Shell Scripting in Scala [video] - based2
https://vimeo.com/148552858
======
rdancer
First reason they list to use Ammonite over POSIX shell: "You can never
remember the syntax to write an if-statement in Bash"[1]. Kids these days :-)

Also, `pwd` is a built-in command in bash(1)[2], not a subprocess. The whole
page brims with misunderstanding.

If you don't understand the tools you're aiming to replace, you're bound to
fail.

[1] [http://lihaoyi.github.io/Ammonite/#Ammonite-
Shell](http://lihaoyi.github.io/Ammonite/#Ammonite-Shell) [2]
[http://linux.die.net/man/1/builtins](http://linux.die.net/man/1/builtins)

------
based2
[http://lihaoyi.github.io/Ammonite/](http://lihaoyi.github.io/Ammonite/)

Old linked subject:
[https://github.com/tools4j/unix4j](https://github.com/tools4j/unix4j)

------
meowface
This is pretty awesome.
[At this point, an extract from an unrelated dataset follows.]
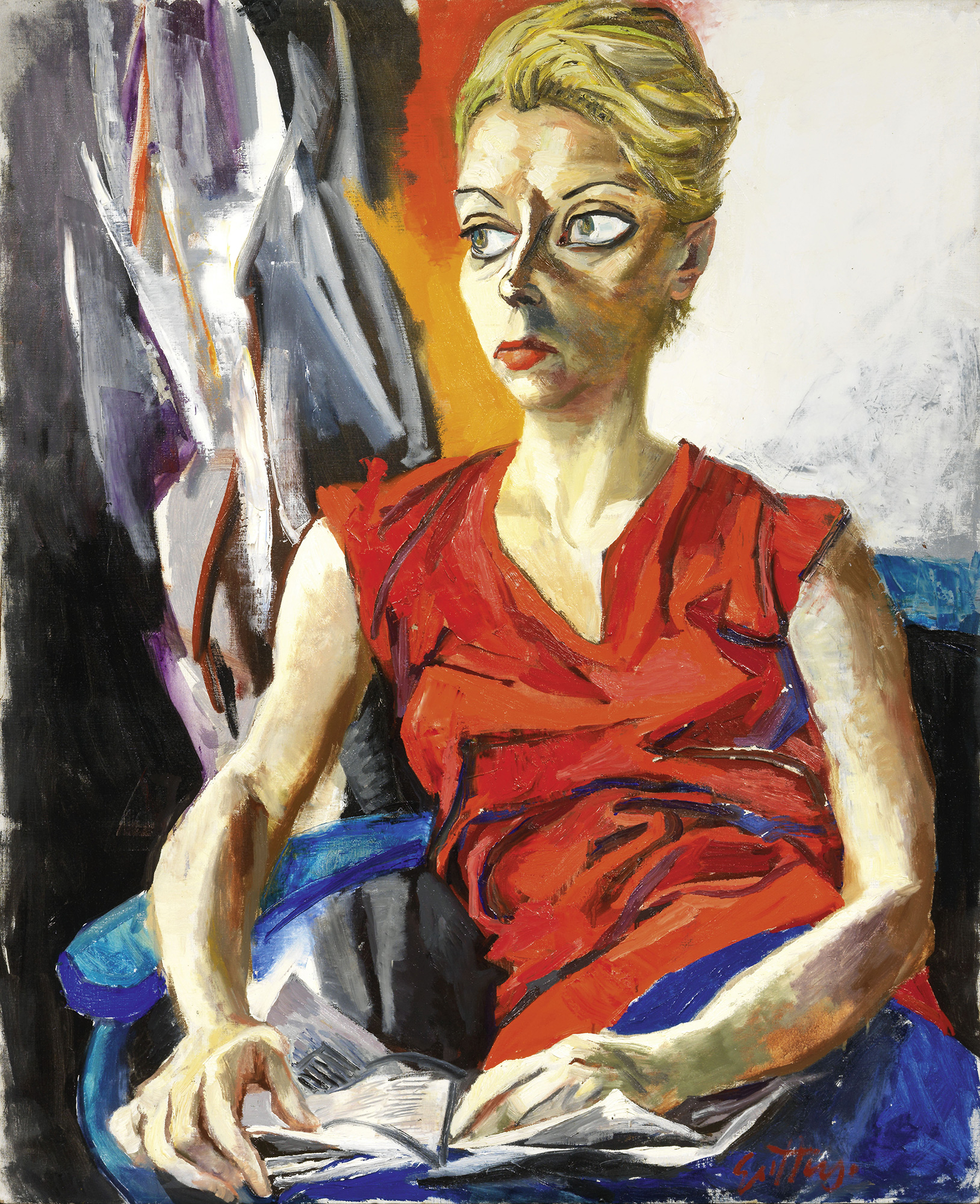 Firma in basso a destra: Guttuso; firma, data e titolo al verso sulla tela: Guttuso / V. ag. '60 / "Ritratto di Genni". Storia Collezione Mario De Ponti, Milano; Collezione privata, Milano; Collezione privata Esposizioni XXXIV Biennale Nazionale d'Arte Città di Milano, Palazzo della Permanente, 22 maggio - 31 ottobre 1965, cat. p. XXXIX, illustrato; Renato Guttuso, Gemälde, Aquerelle, Zeichungen aus den Jeahren 1940 bis 1966, Berlino, Nationalgalerie, 18 febbraio - 2 aprile 1967, poi Lipsia, Museum der Bildenden Künste, maggio 1967, cat. tav. 15, illustrato; Guttuso, Premio Raffaele De Grada per il paesaggio, Città di San Gimignano, 1970, illustrato; Morlotti, Guttuso, Burri: il luogo costante, Milano, Galleria d'Arte Cocorocchia, 6 maggio - 6 giugno 1972, cat. p. 40, illustrato. Bibliografia Settimo Giorno, a.XVI, n. 6 (746), Milano, 5 febbraio, 1963, p. 49 (particolare); BolaffiArte n. 14, anno II, Torino, novembre 1971, p. 57; Enrico Crispolti, Catalogo ragionato generale dei dipinti di Renato Guttuso, vol. 2, Giorgio Mondadori, Milano, 1984, p. 196, n. 60/84.

The REPL in particular looks like a nice improvement,
even if you aren't interested in shell scripting.

I don't think I would replace my regular interactive bash or zsh with this,
though, due to some of the extra verbosity. `cd!` instead of cd, `'file`
instead of `file`. It also doesn't seem to have support for globbing.

It definitely looks much better than writing a multiline bash or zsh script,
though.